Kenyan football club

Kisumu All Stars is an association football club based in Kisumu, Kenya. The club currently competes in the Kenyan Premier League.

==History==
===Kisumu All Stars (to 2010)===
Kisumu All Stars were promoted to the Premier League in 1998. However, they were expelled from the league after a match-fixing scandal in which they lost a match 10–0. The original Kisumu All Stars were dissolved in 2010 after being administratively relegated from the Kenyan Premier League.

===Kisumu All Stars (2018–present)===
In 2018, the club were administratively promoted to the second division Kenyan National Super League to replace Palos FC, who had disbanded, effectively taking their place in the league.

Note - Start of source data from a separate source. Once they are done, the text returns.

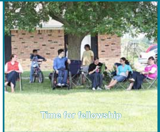
Time for fellowship
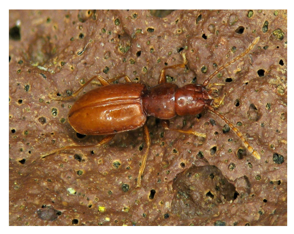
Figure 19. The small ground beetle Spelaeovulcania canariensis has no other related species on the Canary Islands.
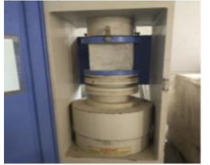
Fig-4.2. Specimen loaded into testing machine

10. Concrete cube average compressive strength=(load/area)
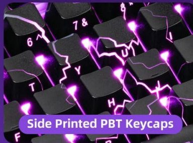
Side Printed PBT Keycaps
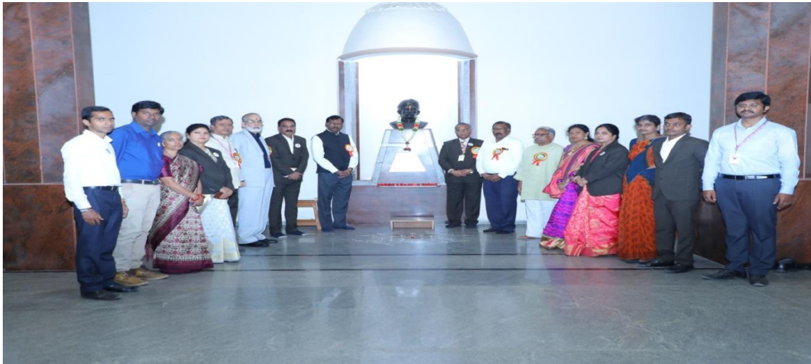
Guests along with the management and the faculty at the keshav rao koratker statue

The club had financial problems in 2018, leading to a situation where only eight players started a match away in Nairobi, which they lost 2–0. However, the club survived relegation, and received a Ksh1m boost from Silverstone Air for the 2019 season.

Kisumu finished in second place in the 2018–19 Kenyan National Super League season to earn promotion to the Kenyan top flight, beating out Nairobi Stima on goal difference.

The 2019–20 top flight side had new kits purchased for them by their sponsor, the Kisumu government.